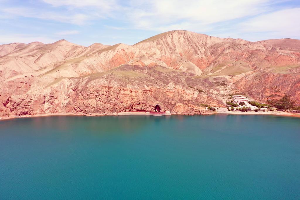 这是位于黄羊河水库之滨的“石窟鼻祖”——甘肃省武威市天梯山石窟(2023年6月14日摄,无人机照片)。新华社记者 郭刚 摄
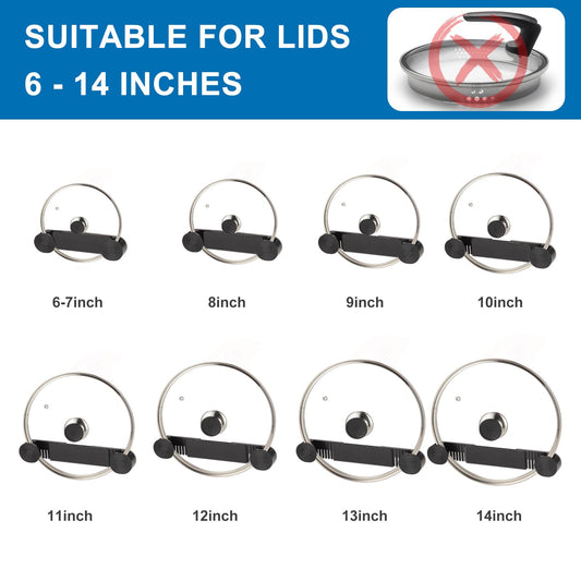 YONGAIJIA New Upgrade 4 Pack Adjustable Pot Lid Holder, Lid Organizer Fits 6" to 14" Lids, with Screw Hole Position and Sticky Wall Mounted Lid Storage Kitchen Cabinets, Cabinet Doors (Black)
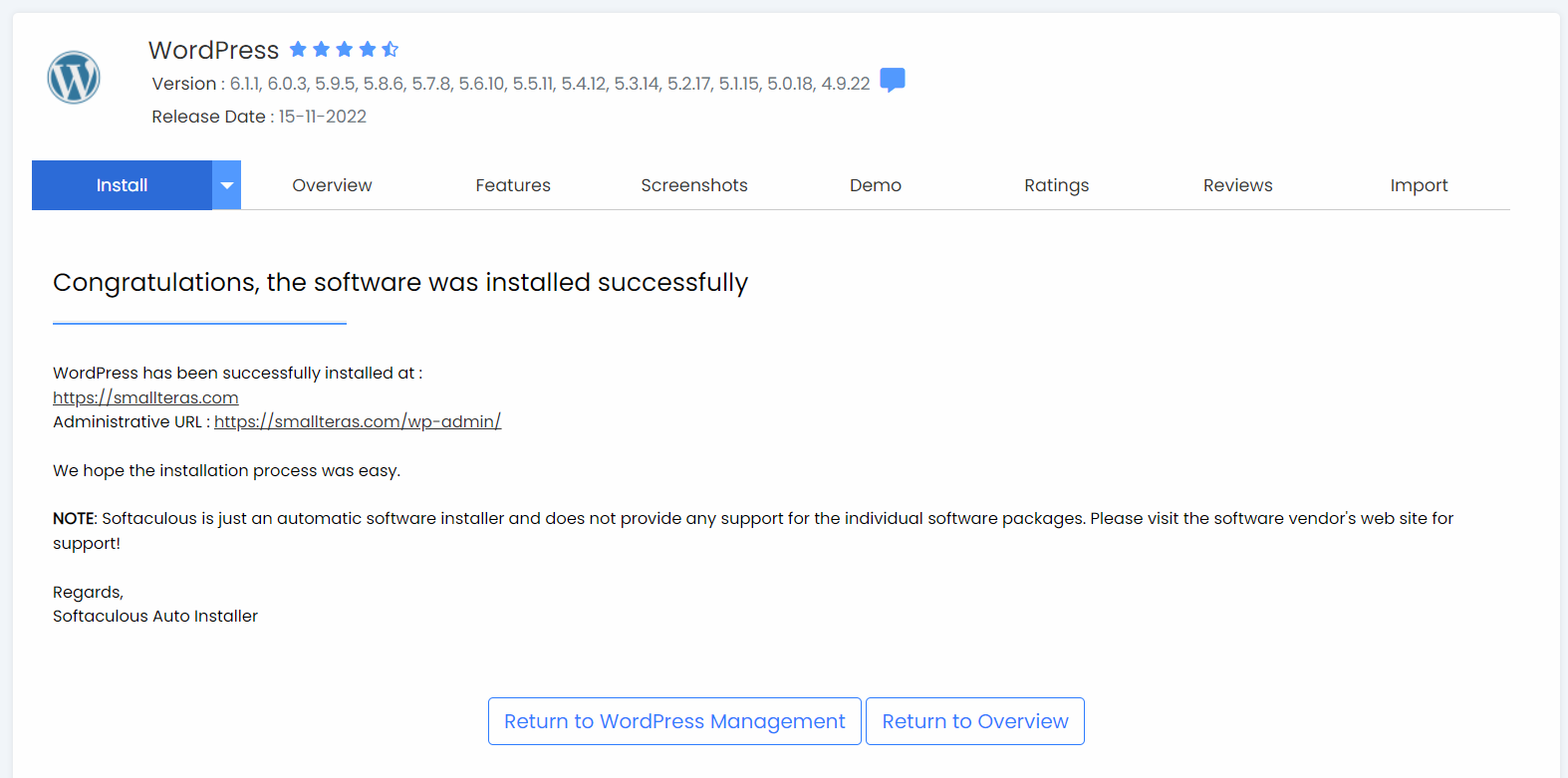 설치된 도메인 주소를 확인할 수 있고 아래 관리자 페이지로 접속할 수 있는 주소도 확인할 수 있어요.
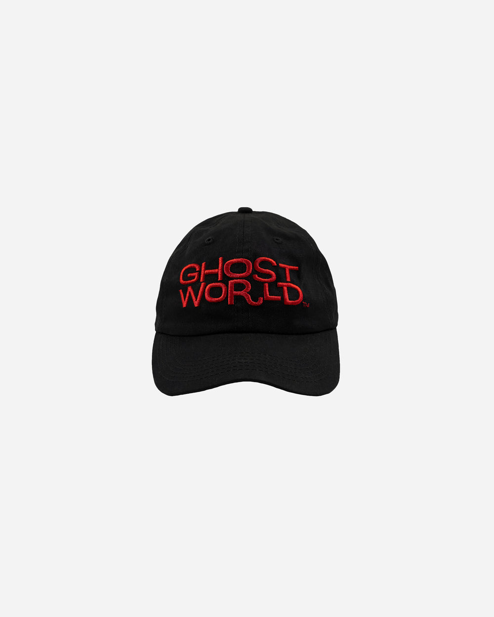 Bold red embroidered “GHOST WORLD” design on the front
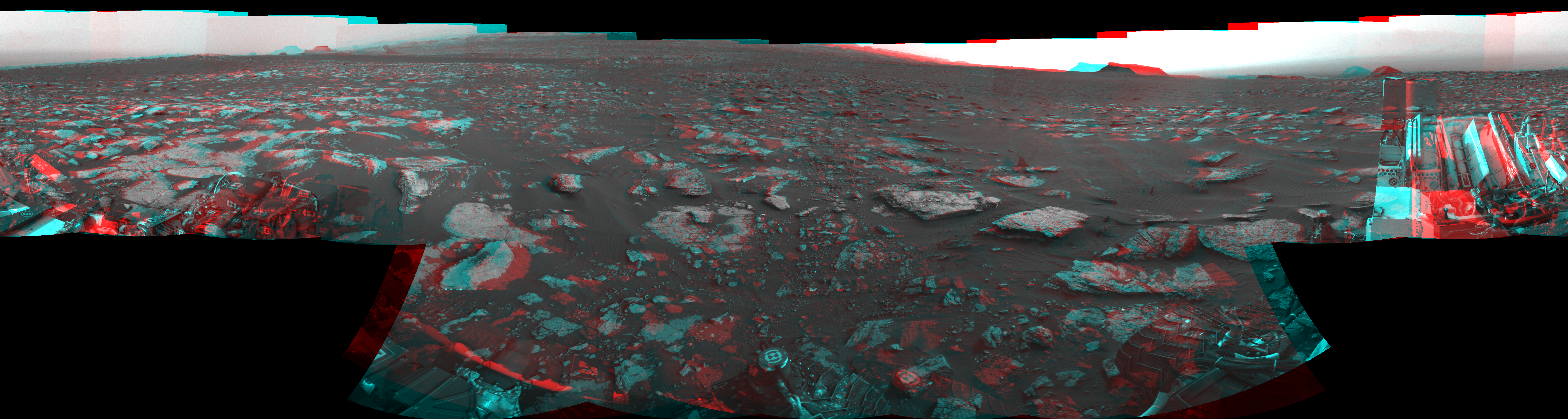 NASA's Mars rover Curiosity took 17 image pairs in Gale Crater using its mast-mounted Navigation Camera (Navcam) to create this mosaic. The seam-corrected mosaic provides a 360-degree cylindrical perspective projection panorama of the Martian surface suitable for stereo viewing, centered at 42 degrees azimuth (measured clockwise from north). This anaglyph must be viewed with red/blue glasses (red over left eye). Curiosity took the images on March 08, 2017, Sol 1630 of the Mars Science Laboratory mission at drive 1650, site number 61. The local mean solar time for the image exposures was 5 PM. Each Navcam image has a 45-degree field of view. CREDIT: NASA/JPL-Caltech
────────────────────────────────────────
### To do
Restate the material word for word, minus pictures.

### Result for this task
 这是位于黄羊河水库之滨的“石窟鼻祖”——甘肃省武威市天梯山石窟(2023年6月14日摄,无人机照片)。新华社记者 郭刚 摄
 YONGAIJIA New Upgrade 4 Pack Adjustable Pot Lid Holder, Lid Organizer Fits 6" to 14" Lids, with Screw Hole Position and Sticky Wall Mounted Lid Storage Kitchen Cabinets, Cabinet Doors (Black)
 설치된 도메인 주소를 확인할 수 있고 아래 관리자 페이지로 접속할 수 있는 주소도 확인할 수 있어요.
 Bold red embroidered “GHOST WORLD” design on the front
 NASA's Mars rover Curiosity took 17 image pairs in Gale Crater using its mast-mounted Navigation Camera (Navcam) to create this mosaic. The seam-corrected mosaic provides a 360-degree cylindrical perspective projection panorama of the Martian surface suitable for stereo viewing, centered at 42 degrees azimuth (measured clockwise from north). This anaglyph must be viewed with red/blue glasses (red over left eye). Curiosity took the images on March 08, 2017, Sol 1630 of the Mars Science Laboratory mission at drive 1650, site number 61. The local mean solar time for the image exposures was 5 PM. Each Navcam image has a 45-degree field of view. CREDIT: NASA/JPL-Caltech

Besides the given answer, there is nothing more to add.